Let’s take two major tech brands, taking two very different approaches. In one corner we have Apple, exhibiting self-awareness to defuse Taylor Swift’s very public boycott of the Apple Music streaming service. The brand took to social media to admit its wrongdoing, reversed its policies and, not long after, Swift wasn’t only appeased, but starring in Apple’s ads. 

Meanwhile in the other corner we have Facebook, whose founder Mark Zuckerberg responded to a high-profile testimony from whistleblower Frances Haugen by calling her accusations “deeply illogical”. Using this phrase alone to counter the remark that Facebook amplifies extremism and polarisation shows that Zuckerberg assumes people think about his brand the way he thinks about business. But a customer’s relationship with a brand (particularly one like Facebook) is based on an accumulation of emotions, not a set of step-by-step logical decisions.


Emotional capital is strongest in brands that are seen to have good principles.

Ethical brand-owners are determined to do well by their audiences and supply chain, and avoid causing harm – to staff, suppliers, society, and the planet.

As one senior marketer told us “It’s important to make big, bold goals. We need to drive targets and work with others who show commitment to things like CSR and diversity and inclusion efforts.” 

Going back to our grocery study, Amazon Fresh scored poorly across a number of our metrics, driven largely by negative emotion in the areas of responsibility, decency, and ethics.
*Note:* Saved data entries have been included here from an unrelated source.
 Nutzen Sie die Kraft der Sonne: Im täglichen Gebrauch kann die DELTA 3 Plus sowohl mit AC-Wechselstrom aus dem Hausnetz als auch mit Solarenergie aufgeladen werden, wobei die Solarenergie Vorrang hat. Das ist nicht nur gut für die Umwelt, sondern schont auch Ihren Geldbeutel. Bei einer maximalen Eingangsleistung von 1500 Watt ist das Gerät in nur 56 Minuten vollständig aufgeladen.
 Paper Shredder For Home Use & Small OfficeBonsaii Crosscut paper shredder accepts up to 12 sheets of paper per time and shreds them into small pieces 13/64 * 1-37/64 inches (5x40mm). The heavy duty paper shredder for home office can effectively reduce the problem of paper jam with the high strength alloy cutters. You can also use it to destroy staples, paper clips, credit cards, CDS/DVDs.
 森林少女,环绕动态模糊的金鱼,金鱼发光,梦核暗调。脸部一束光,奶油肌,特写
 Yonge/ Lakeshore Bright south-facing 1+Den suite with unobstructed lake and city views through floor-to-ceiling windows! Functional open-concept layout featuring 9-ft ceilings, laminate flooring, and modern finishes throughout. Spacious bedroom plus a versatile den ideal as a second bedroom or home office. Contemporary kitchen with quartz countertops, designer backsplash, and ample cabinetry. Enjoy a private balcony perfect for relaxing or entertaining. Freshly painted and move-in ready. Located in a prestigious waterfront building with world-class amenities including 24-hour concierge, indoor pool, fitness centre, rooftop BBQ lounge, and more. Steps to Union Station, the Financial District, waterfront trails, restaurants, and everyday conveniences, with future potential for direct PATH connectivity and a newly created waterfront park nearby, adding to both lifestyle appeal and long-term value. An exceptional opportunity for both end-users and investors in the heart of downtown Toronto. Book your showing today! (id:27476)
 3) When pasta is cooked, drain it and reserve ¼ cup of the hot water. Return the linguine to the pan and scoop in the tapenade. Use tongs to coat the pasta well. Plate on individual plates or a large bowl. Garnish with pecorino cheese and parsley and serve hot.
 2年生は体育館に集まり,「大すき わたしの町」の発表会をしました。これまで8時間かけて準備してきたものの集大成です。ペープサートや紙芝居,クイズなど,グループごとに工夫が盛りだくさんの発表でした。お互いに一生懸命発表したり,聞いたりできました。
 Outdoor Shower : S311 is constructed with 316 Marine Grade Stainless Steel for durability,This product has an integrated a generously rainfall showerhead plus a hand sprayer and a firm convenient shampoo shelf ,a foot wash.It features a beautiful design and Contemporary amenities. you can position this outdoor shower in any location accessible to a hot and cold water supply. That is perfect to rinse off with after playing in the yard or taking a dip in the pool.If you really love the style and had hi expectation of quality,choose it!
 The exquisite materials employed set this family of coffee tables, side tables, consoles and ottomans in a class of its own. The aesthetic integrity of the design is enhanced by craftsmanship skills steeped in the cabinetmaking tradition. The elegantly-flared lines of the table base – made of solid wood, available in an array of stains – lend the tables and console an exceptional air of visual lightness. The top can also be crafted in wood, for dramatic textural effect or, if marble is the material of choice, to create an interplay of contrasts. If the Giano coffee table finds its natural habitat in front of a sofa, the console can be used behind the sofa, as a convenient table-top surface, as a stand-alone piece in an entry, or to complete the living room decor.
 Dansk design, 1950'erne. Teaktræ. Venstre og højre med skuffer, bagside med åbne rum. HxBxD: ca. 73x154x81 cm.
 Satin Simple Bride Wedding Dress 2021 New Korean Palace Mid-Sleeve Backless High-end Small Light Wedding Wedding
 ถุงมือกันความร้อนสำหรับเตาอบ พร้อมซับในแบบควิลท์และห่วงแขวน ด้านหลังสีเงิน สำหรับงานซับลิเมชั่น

This translates into a considerable rejector audience, and there’s clearly a macro brand job that needs to be done if the service is to truly address issues of trust.

Final Thoughts

All five aspects described above can help brands make incremental gains in Emotional Capital. Because every interaction with a customer matters. If a customer has a bad experience, they could tell seven other people what went wrong. But if someone has a good experience, they may only tell another two.

The key for brands seeking to understand, engage and enthuse customers – building Emotional Capital that strengthens and lengthens relationships – is knowing how to get and stay close to them. It’s rapidly becoming the only way to guarantee success in today’s complex and shifting world.